# [WORK INSTRUCTION]
Search the data for the string "Hańczą", and report each line where it is found.

** SOURCE INFORMATION follows **

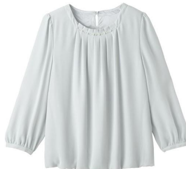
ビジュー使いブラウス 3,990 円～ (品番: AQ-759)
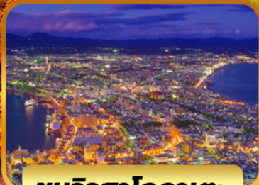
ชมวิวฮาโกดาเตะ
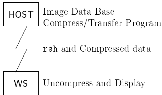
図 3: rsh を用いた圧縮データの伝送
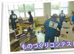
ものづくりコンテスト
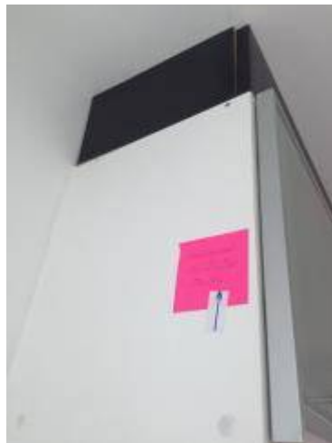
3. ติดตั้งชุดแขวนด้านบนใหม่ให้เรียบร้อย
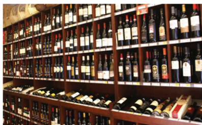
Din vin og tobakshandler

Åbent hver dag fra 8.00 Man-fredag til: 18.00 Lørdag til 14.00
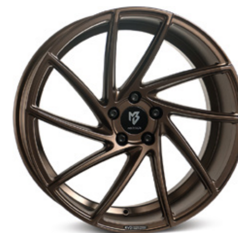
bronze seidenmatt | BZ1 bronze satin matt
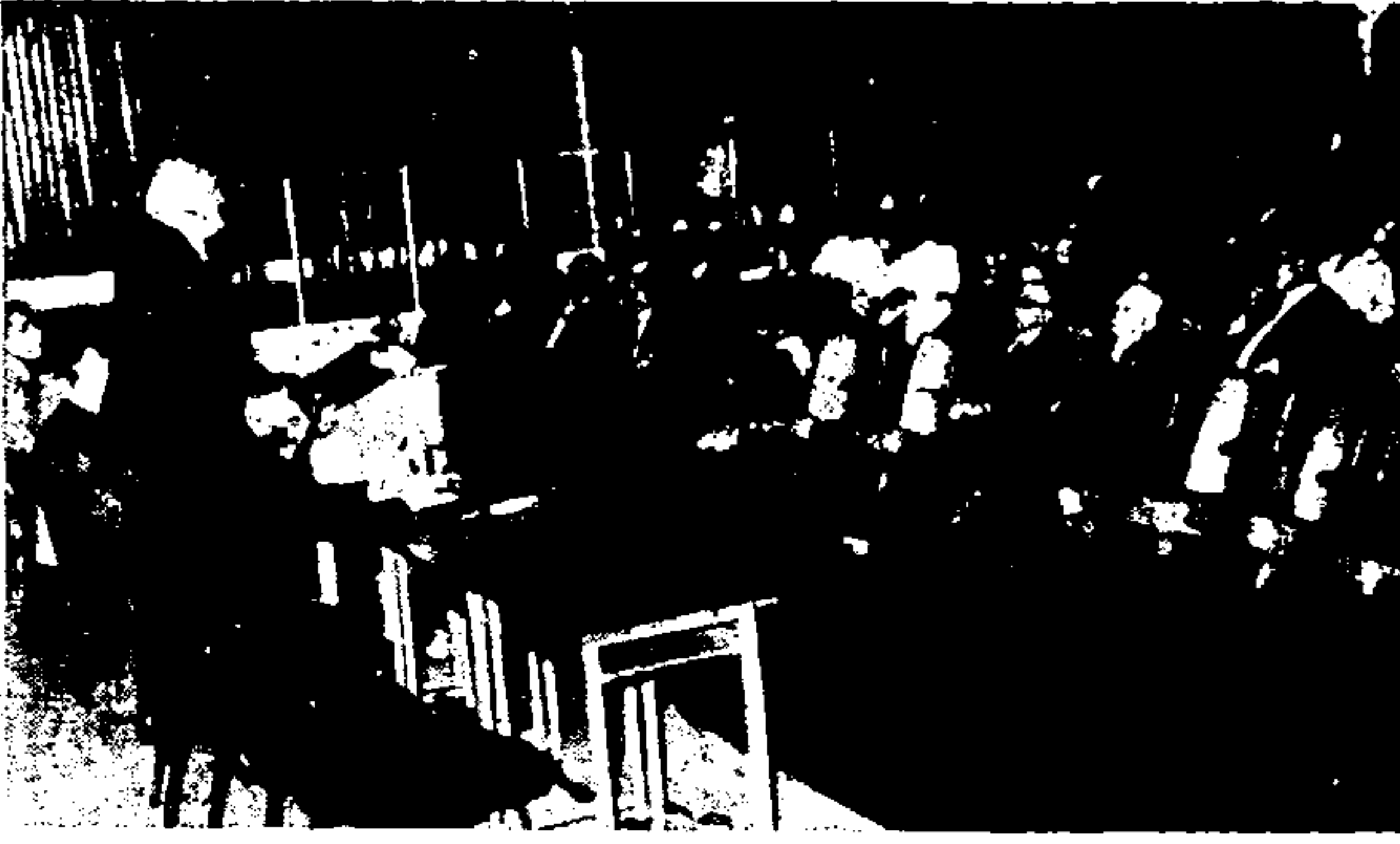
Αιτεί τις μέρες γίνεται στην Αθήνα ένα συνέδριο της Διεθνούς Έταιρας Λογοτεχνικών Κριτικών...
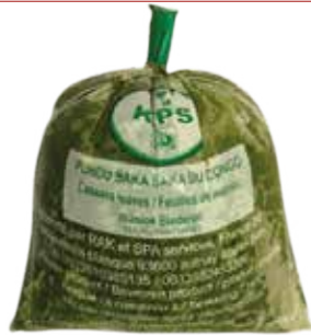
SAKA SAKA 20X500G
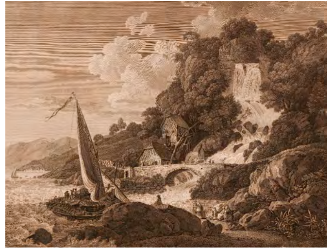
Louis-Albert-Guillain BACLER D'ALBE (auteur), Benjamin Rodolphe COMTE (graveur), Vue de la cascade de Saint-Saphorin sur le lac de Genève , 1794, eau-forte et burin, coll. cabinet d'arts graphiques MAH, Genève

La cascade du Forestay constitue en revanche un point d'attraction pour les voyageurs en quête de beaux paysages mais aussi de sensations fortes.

** End of SOURCE INFORMATION **
** SOURCE INFORMATION follows **

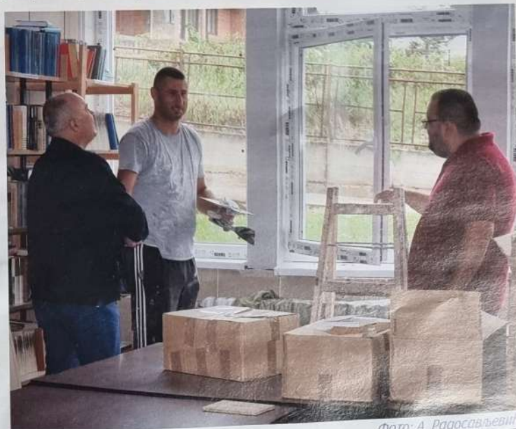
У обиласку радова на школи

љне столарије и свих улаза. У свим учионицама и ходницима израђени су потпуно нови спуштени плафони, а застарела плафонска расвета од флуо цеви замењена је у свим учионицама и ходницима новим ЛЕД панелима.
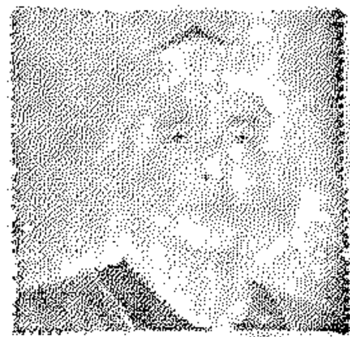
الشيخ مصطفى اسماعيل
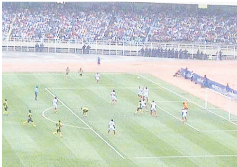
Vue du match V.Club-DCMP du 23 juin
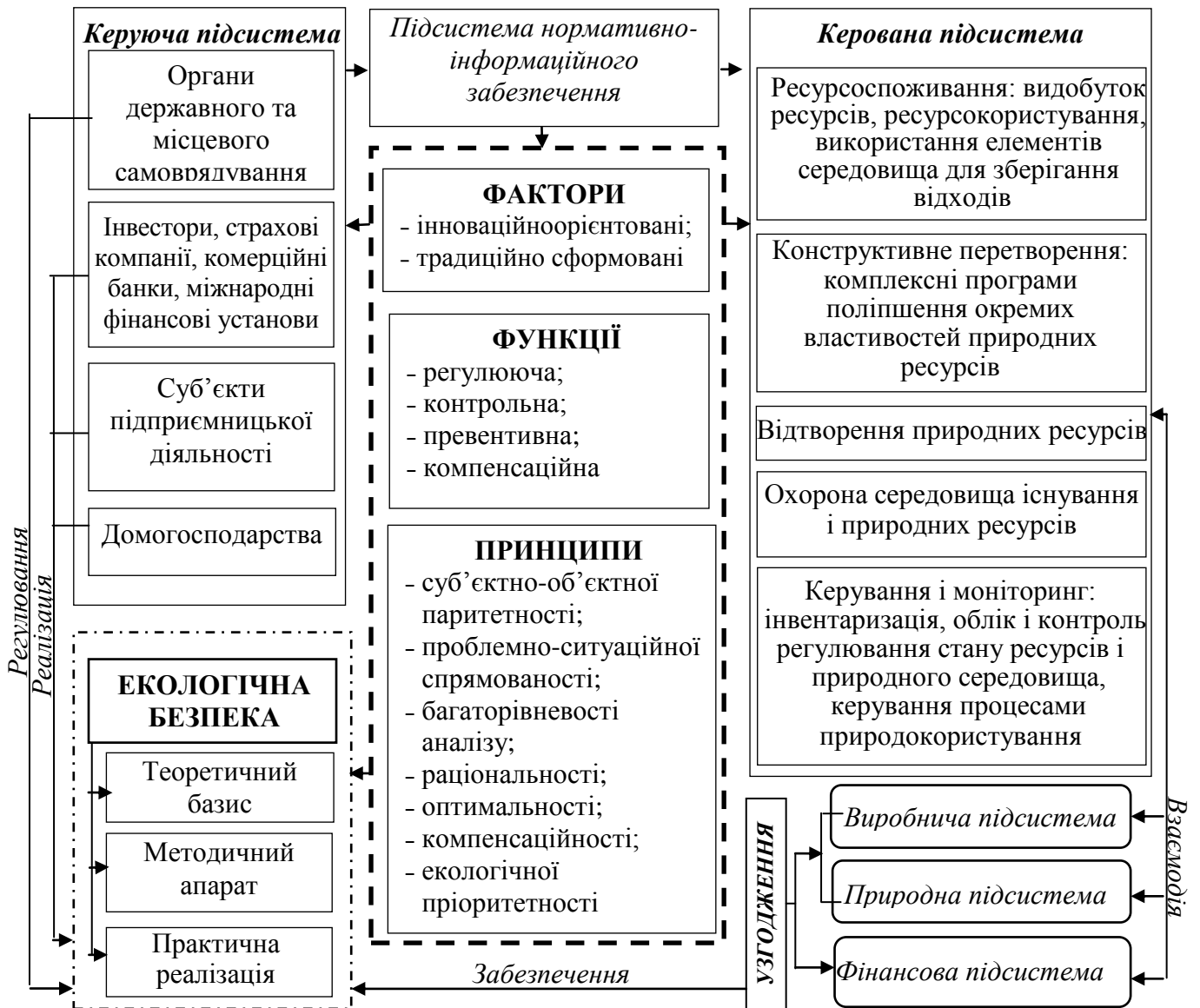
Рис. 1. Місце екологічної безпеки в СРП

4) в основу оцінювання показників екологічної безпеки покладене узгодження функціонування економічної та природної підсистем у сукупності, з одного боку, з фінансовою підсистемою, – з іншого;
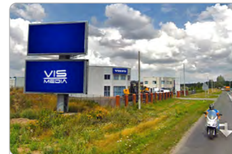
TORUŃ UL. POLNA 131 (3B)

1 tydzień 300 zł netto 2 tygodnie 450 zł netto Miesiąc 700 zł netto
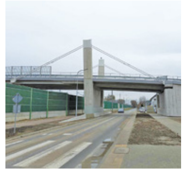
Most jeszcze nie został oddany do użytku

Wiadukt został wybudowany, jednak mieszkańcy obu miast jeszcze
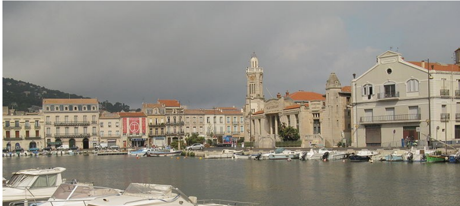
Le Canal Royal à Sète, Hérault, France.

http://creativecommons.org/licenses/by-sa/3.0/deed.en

** End of SOURCE INFORMATION **
** SOURCE INFORMATION follows **

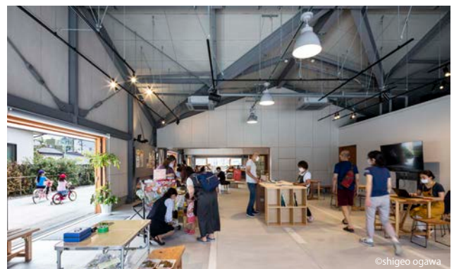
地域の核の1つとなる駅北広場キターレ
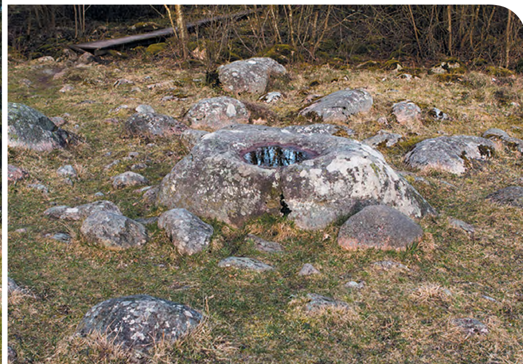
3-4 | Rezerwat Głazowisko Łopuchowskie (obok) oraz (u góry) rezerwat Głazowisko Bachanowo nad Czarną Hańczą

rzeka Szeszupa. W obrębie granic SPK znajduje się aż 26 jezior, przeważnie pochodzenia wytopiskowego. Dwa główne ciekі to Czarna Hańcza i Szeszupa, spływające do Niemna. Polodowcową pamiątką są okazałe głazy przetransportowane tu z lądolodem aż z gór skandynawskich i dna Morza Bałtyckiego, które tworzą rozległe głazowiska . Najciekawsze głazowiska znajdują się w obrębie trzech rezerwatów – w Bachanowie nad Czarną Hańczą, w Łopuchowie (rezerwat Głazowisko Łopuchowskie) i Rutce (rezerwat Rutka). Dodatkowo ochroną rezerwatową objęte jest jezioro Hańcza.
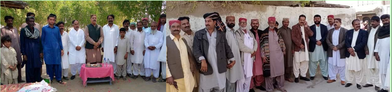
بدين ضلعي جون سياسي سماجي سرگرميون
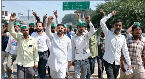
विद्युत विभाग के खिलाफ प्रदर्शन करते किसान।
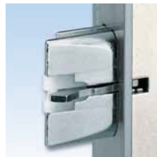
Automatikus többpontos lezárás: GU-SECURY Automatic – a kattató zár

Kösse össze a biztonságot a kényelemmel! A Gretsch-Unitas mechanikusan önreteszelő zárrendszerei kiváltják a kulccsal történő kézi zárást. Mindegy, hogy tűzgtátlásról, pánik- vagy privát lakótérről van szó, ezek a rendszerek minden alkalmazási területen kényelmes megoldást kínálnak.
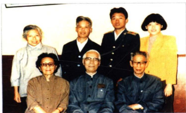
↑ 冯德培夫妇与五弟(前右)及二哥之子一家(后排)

** End of SOURCE INFORMATION **

# [WRITTEN RESPONSE]
3-4 | Rezerwat Głazowisko Łopuchowskie (obok) oraz (u góry) rezerwat Głazowisko Bachanowo nad Czarną Hańczą
rzeka Szeszupa. W obrębie granic SPK znajduje się aż 26 jezior, przeważnie pochodzenia wytopiskowego. Dwa główne ciekі to Czarna Hańcza i Szeszupa, spływające do Niemna. Polodowcową pamiątką są okazałe głazy przetransportowane tu z lądolodem aż z gór skandynawskich i dna Morza Bałtyckiego, które tworzą rozległe głazowiska . Najciekawsze głazowiska znajdują się w obrębie trzech rezerwatów – w Bachanowie nad Czarną Hańczą, w Łopuchowie (rezerwat Głazowisko Łopuchowskie) i Rutce (rezerwat Rutka). Dodatkowo ochroną rezerwatową objęte jest jezioro Hańcza.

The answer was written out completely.